What the task asks: Please retype the data in full and exactly; the pictures are not part of the copy.

-=-=-

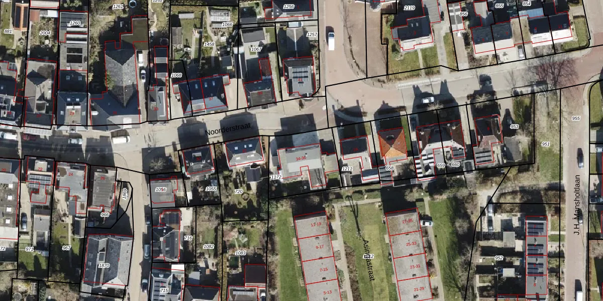 Het perceel waarop Noorderstraat 34 staat heeft een oppervlakte van 453 m². Dit is een groot perceel. De perceeloppervlakte wordt geregistreerd door het Kadaster. Gedetailleerde informatie over de maten van dit perceel kunt u vinden in het rapport Kadastrale kaart met maatvoering van Noorderstraat 34.
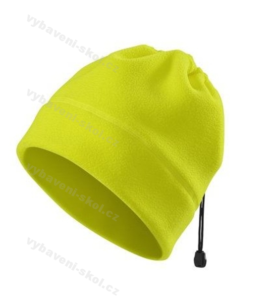Dva v jednom (čepice a nákrčník) ve fluorescenčních barvách. V horní části možnost stažení šňůrkou. Univerzální velikost. Specifikace: Fleece, 100 % polyester.
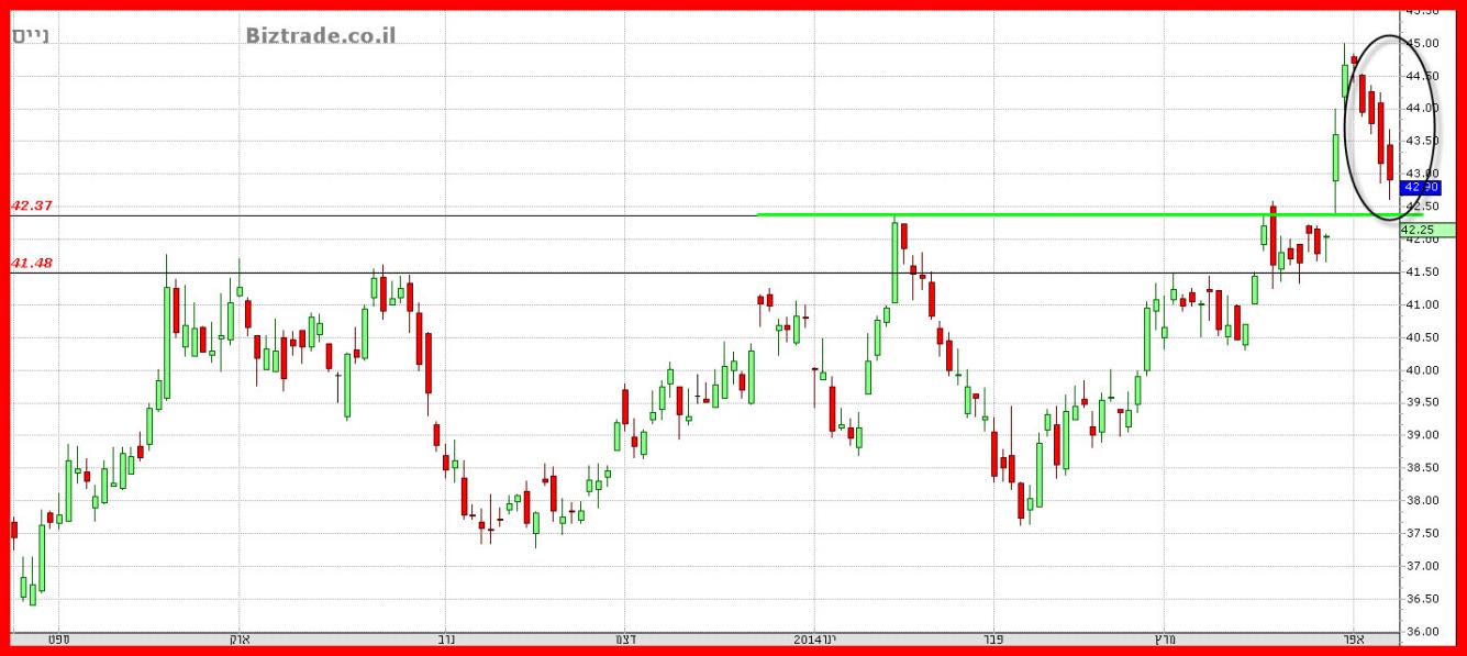 מאז הפריצה והעליות ל 45$ המחיר מתממש במשך 5 ימי מסחר אבל ה נקודה החשובה היא שהוא שומר את עצמו מירידה של קו ה 42.4$ שהוא קו הפריצה וקו תמיכה אופקי חשוב באזור, על כן למרות המימוש, כול עוד המחיר מעליו, הכול בסדר לצורך המשך עליות..
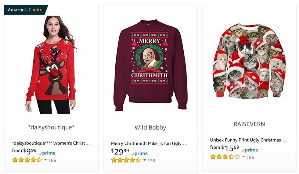 If Amazon is known for one thing, it's variety. A reindeer with a big fluffy red nose? A cat riding a magic pizza carpet? Santa riding a dinosaur? I guarantee you could find any and every type of Christmas sweater here (and even some extremely ugly suits, if you want to up your game). Not only that, but with Amazon Prime you can order it last minute and still look your best at that Christmas party!
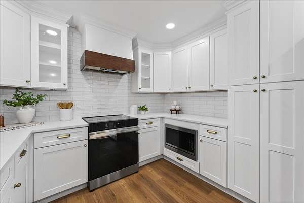 - Dishwasher, Electric Oven, Electric Range, Microwave, Refrigerator, Stainless Steel Appliance(s)
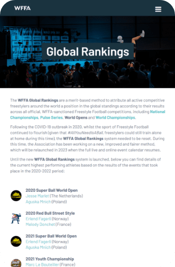 The WFFA project, sponsored by Red Bull, was launched as a digital event during COVID, designed to keep freestyle football alive and engaging for global audiences. The initiative focused on building a dedicated website where participants could upload their freestyle football clips and compete virtually, as going out was not an option back then. Each video submission was scored by professional judges, with the competition structured across three exciting rounds, bringing together talent, creativity, and community in an innovative online format. JPLoft experts developed the website and made this possible with seamless tech execution and creative solutions.
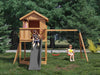 Spielturm 'UNIVERSE S' inkl. Doppelschaukel teakfarben & Rutsche Grau, 400x489x280cm (BxTxH)
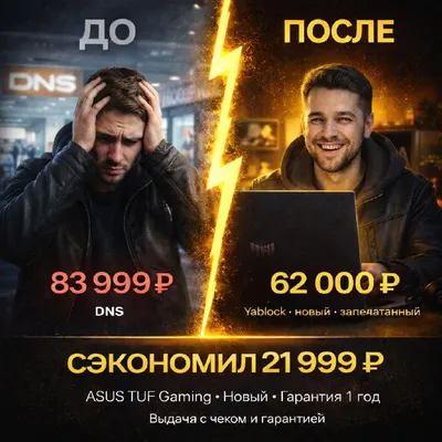 😤 До: DNS — 83 999 ₽ 😎 После: Yablock — 62 000 ₽ Игорь хотел игровой ноутбук. Зашёл в DNS — увидел ценник 83 999 ₽. Расстроился. Ушёл думать. Нашёл Yablock. Написал менеджеру. Получил тот же ASUS

-=-=-

The completed task:
 Het perceel waarop Noorderstraat 34 staat heeft een oppervlakte van 453 m². Dit is een groot perceel. De perceeloppervlakte wordt geregistreerd door het Kadaster. Gedetailleerde informatie over de maten van dit perceel kunt u vinden in het rapport Kadastrale kaart met maatvoering van Noorderstraat 34.
Dva v jednom (čepice a nákrčník) ve fluorescenčních barvách. V horní části možnost stažení šňůrkou. Univerzální velikost. Specifikace: Fleece, 100 % polyester.
 מאז הפריצה והעליות ל 45$ המחיר מתממש במשך 5 ימי מסחר אבל ה נקודה החשובה היא שהוא שומר את עצמו מירידה של קו ה 42.4$ שהוא קו הפריצה וקו תמיכה אופקי חשוב באזור, על כן למרות המימוש, כול עוד המחיר מעליו, הכול בסדר לצורך המשך עליות..
 If Amazon is known for one thing, it's variety. A reindeer with a big fluffy red nose? A cat riding a magic pizza carpet? Santa riding a dinosaur? I guarantee you could find any and every type of Christmas sweater here (and even some extremely ugly suits, if you want to up your game). Not only that, but with Amazon Prime you can order it last minute and still look your best at that Christmas party!
 - Dishwasher, Electric Oven, Electric Range, Microwave, Refrigerator, Stainless Steel Appliance(s)
 The WFFA project, sponsored by Red Bull, was launched as a digital event during COVID, designed to keep freestyle football alive and engaging for global audiences. The initiative focused on building a dedicated website where participants could upload their freestyle football clips and compete virtually, as going out was not an option back then. Each video submission was scored by professional judges, with the competition structured across three exciting rounds, bringing together talent, creativity, and community in an innovative online format. JPLoft experts developed the website and made this possible with seamless tech execution and creative solutions.
 Spielturm 'UNIVERSE S' inkl. Doppelschaukel teakfarben & Rutsche Grau, 400x489x280cm (BxTxH)
 😤 До: DNS — 83 999 ₽ 😎 После: Yablock — 62 000 ₽ Игорь хотел игровой ноутбук. Зашёл в DNS — увидел ценник 83 999 ₽. Расстроился. Ушёл думать. Нашёл Yablock. Написал менеджеру. Получил тот же ASUS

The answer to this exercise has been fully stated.